- **Work instruction**:
Everything from the line that has "Grâce à sa structure" to the last line of the listing must be repeated exactly, and nothing more; omit the pictures.

- **Data extract**:
______________________________

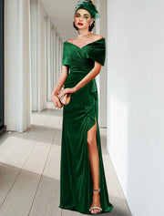 Sheath / Column Evening Gown Elegant Dress Wedding Guest Cocktail Party Floor Length Sleeveless V Neck Velvet with Pleats Ruffles - Dark Green / US 2 / UK 6 / EU 32
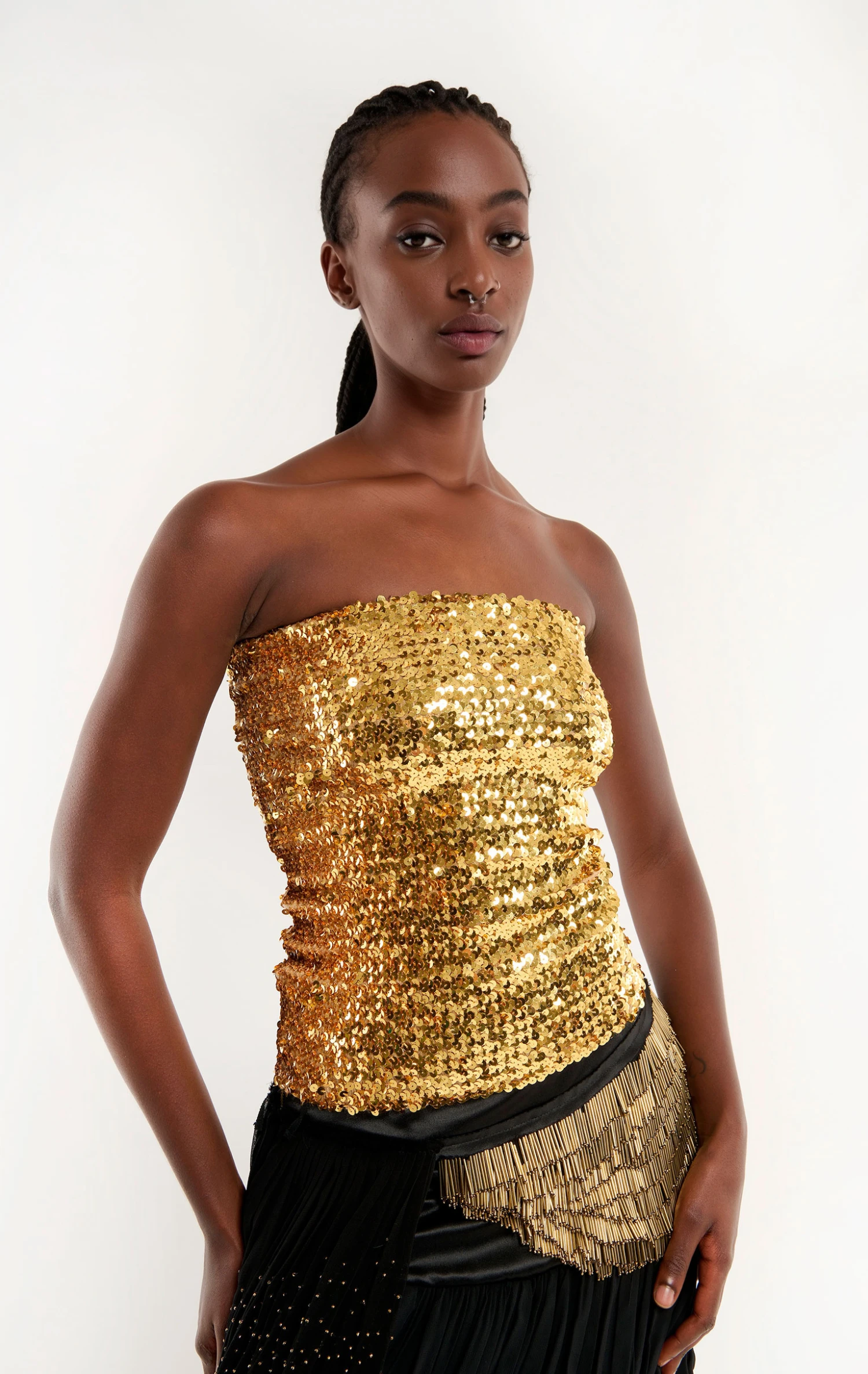 Grâce à sa structure tubulaire et à sa souplesse, vous avez la possibilité de la porter soit en jupe, soit en bustier. Elle apportera une touche disco à une tenue classique ou vous permettra de créer un total look en l’associant à une Iwa d’une teinte différente. Elle se décine en 3 couleurs, ici dans sa version dorée.
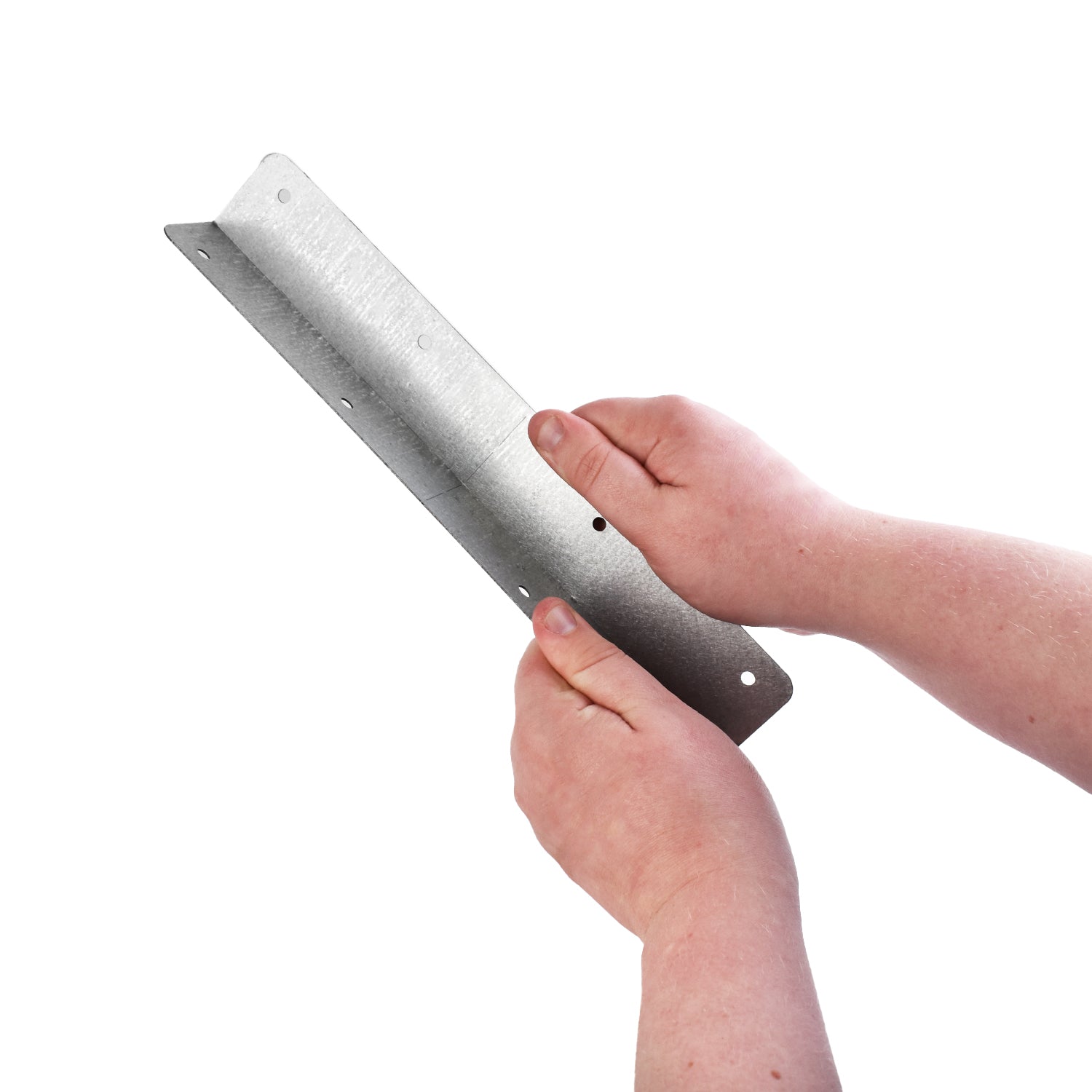 Our unique design of features 2 large corner support brackets all stored on one sheet of metal. This makes storage easy as the flat sheet can fit in your toolbox, on a shelf in your garage or even in a drawer. Break them off when you need them and store the rest for later. No bags of fixings, no open boxes, just the sheet itself.

______________________________

- **Answer area**:
 Grâce à sa structure tubulaire et à sa souplesse, vous avez la possibilité de la porter soit en jupe, soit en bustier. Elle apportera une touche disco à une tenue classique ou vous permettra de créer un total look en l’associant à une Iwa d’une teinte différente. Elle se décine en 3 couleurs, ici dans sa version dorée.
 Our unique design of features 2 large corner support brackets all stored on one sheet of metal. This makes storage easy as the flat sheet can fit in your toolbox, on a shelf in your garage or even in a drawer. Break them off when you need them and store the rest for later. No bags of fixings, no open boxes, just the sheet itself.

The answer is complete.